-- Information provided follows --

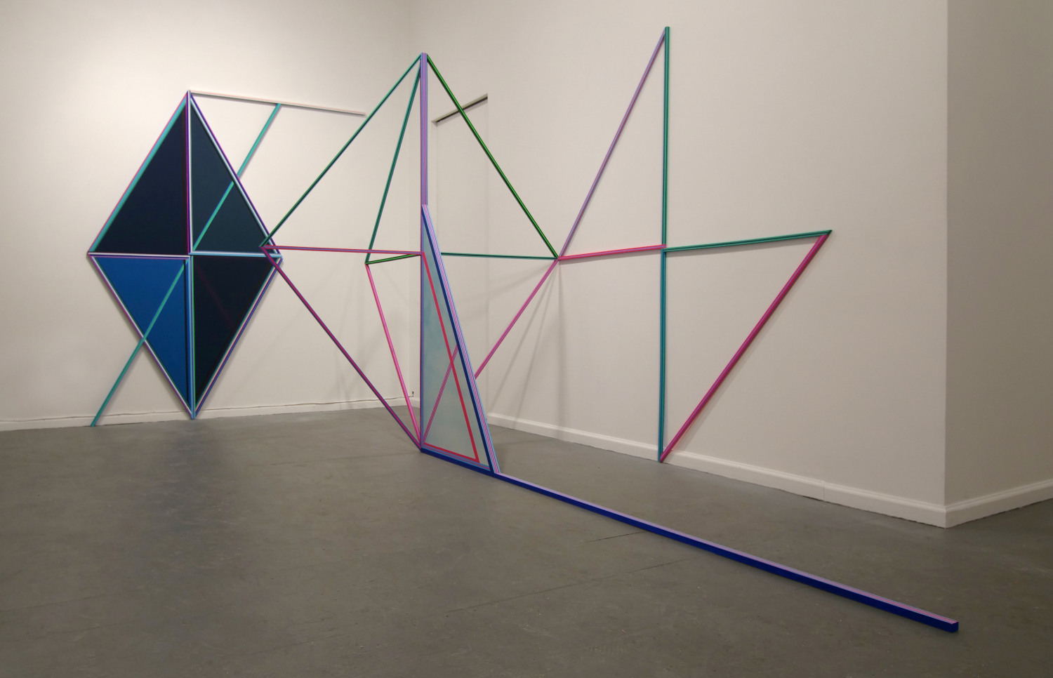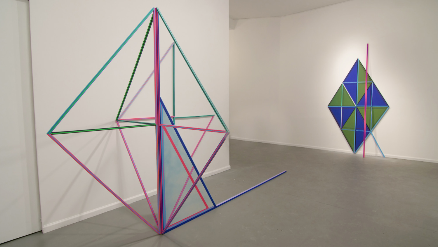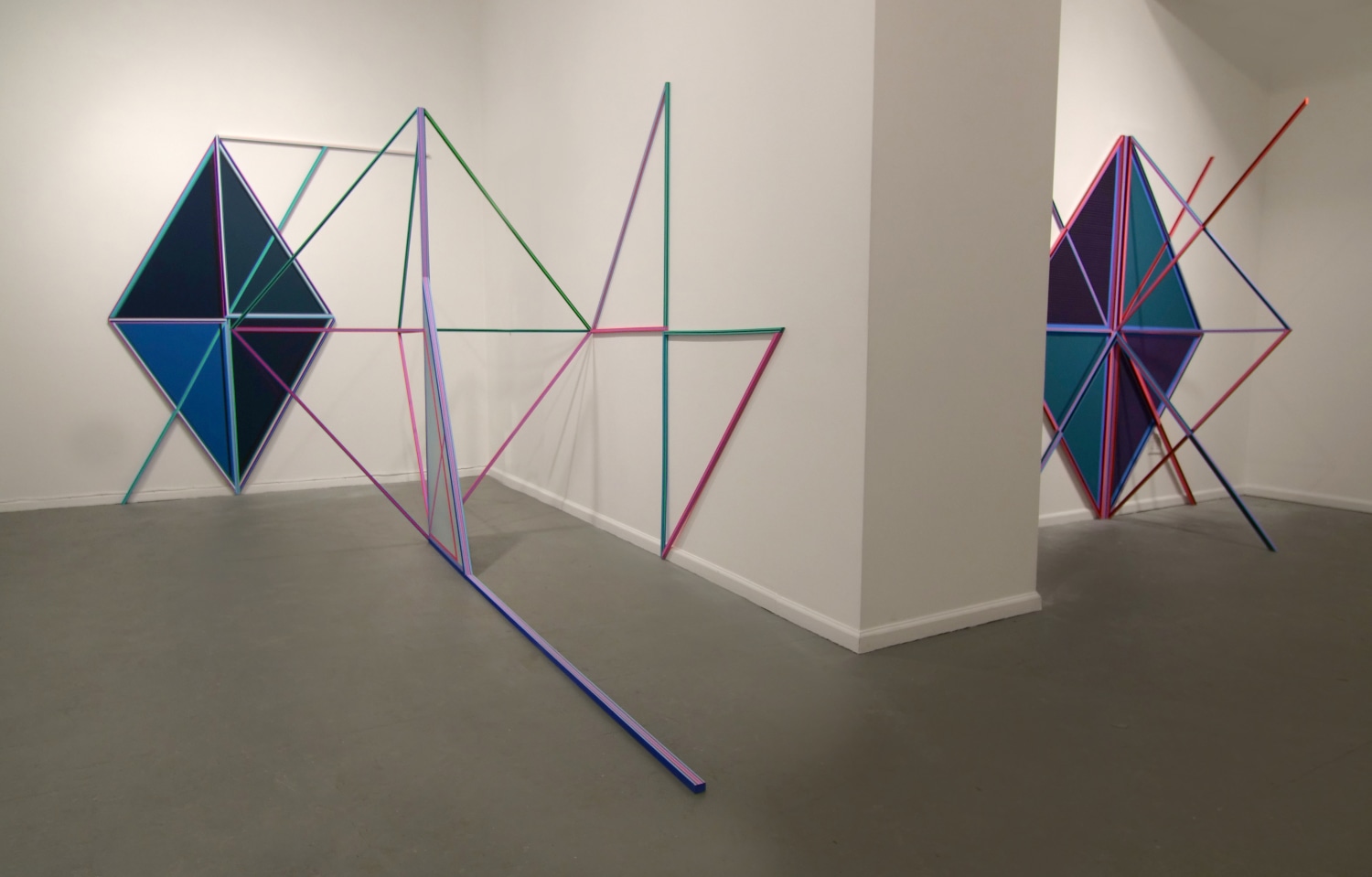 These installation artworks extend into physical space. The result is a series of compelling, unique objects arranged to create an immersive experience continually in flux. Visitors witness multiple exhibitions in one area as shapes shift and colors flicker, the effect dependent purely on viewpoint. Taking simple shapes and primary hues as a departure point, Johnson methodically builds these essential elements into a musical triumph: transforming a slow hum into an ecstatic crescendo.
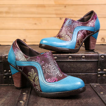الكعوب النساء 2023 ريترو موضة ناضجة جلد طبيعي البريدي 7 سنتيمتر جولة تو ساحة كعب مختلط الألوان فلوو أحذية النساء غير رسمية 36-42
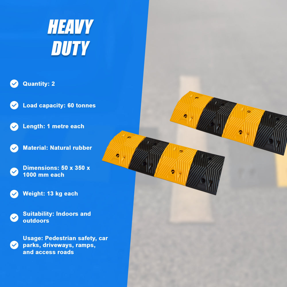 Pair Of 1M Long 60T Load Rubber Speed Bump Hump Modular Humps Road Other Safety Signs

-- Information provided concluded --

The lines to repeat run from the line containing "الكعوب النساء 2023" through the last line of the material above; give them exactly, without the pictures.

### Solved problem
الكعوب النساء 2023 ريترو موضة ناضجة جلد طبيعي البريدي 7 سنتيمتر جولة تو ساحة كعب مختلط الألوان فلوو أحذية النساء غير رسمية 36-42
 Pair Of 1M Long 60T Load Rubber Speed Bump Hump Modular Humps Road Other Safety Signs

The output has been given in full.